(Data segment):
========================

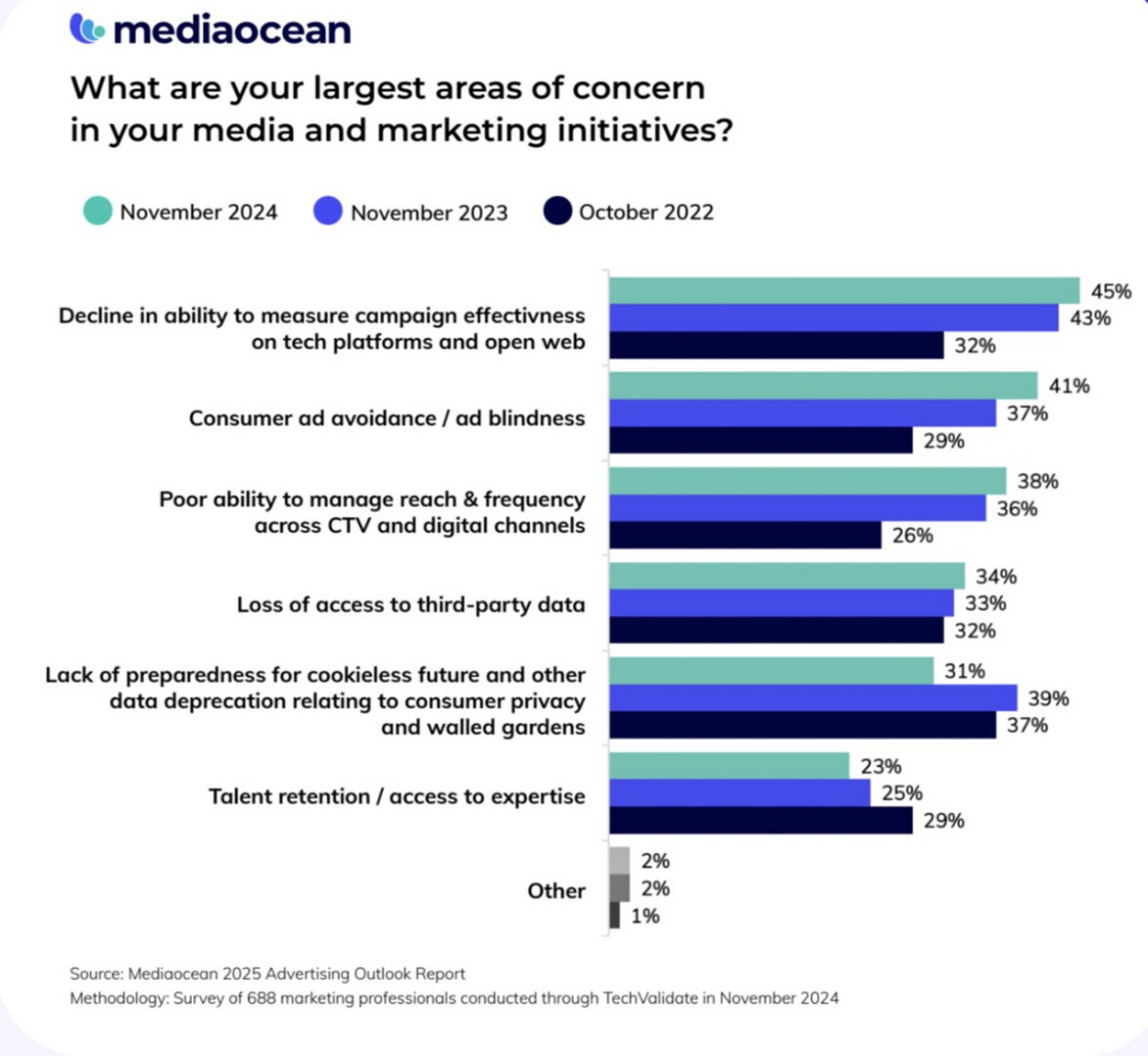 Главной проблемой, мешающей развитию их медиа- и маркетинговых инициатив, 45% участников опроса назвали «снижение возможностей измерять эффективность кампании на технологических платформах и в открытом интернете». Второе по значению опасение (его высказали 41% респондентов) — избегание пользователями рекламы, игнорирование рекламных объявлений. 38% респондентов заявили о том, что их волнуют низкие возможности управления охватом и частотой контактов с пользователями в CTV и цифровых каналах. 34% респондентов опасаются потери доступа к данным третьих лиц. 31% переживают из-за неготовности к будущему без куки и других мер обеспечения приватности пользователей. 23% волнуются по поводу удержания талантливых специалистов.
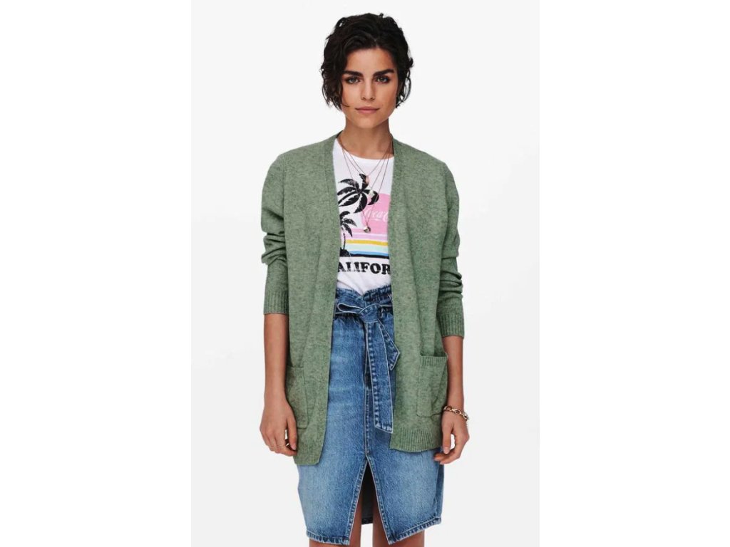 Krátký popis Dámský pletený kardigan od značky ONLY v sytě zelené barvě představuje základní kousek šatníku vhodný pro celoroční nošení. Díky vyvážené směsi materiálů s vysokým podílem viskózy je svetr velmi příjemný na dotek a zajišťuje pohodlí při každodenních aktivitách.
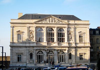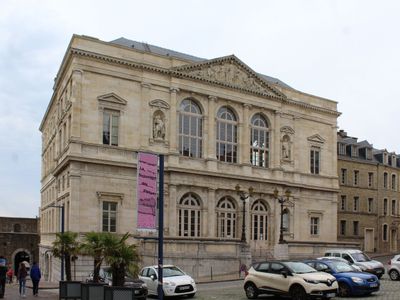 De driehoekige fronton toont een allegorie van Louis-Victor Bougron die de Wet voorstelt, omringd door Kracht en Gerechtigheid die Kunsten, Wetenschappen, Handel en Industrie beschermen.

========================

(Activity): In your reply, every line of the material should appear exactly as written, and no picture should.

(Task result):
 Главной проблемой, мешающей развитию их медиа- и маркетинговых инициатив, 45% участников опроса назвали «снижение возможностей измерять эффективность кампании на технологических платформах и в открытом интернете». Второе по значению опасение (его высказали 41% респондентов) — избегание пользователями рекламы, игнорирование рекламных объявлений. 38% респондентов заявили о том, что их волнуют низкие возможности управления охватом и частотой контактов с пользователями в CTV и цифровых каналах. 34% респондентов опасаются потери доступа к данным третьих лиц. 31% переживают из-за неготовности к будущему без куки и других мер обеспечения приватности пользователей. 23% волнуются по поводу удержания талантливых специалистов.
 Krátký popis Dámský pletený kardigan od značky ONLY v sytě zelené barvě představuje základní kousek šatníku vhodný pro celoroční nošení. Díky vyvážené směsi materiálů s vysokým podílem viskózy je svetr velmi příjemný na dotek a zajišťuje pohodlí při každodenních aktivitách.
 De driehoekige fronton toont een allegorie van Louis-Victor Bougron die de Wet voorstelt, omringd door Kracht en Gerechtigheid die Kunsten, Wetenschappen, Handel en Industrie beschermen.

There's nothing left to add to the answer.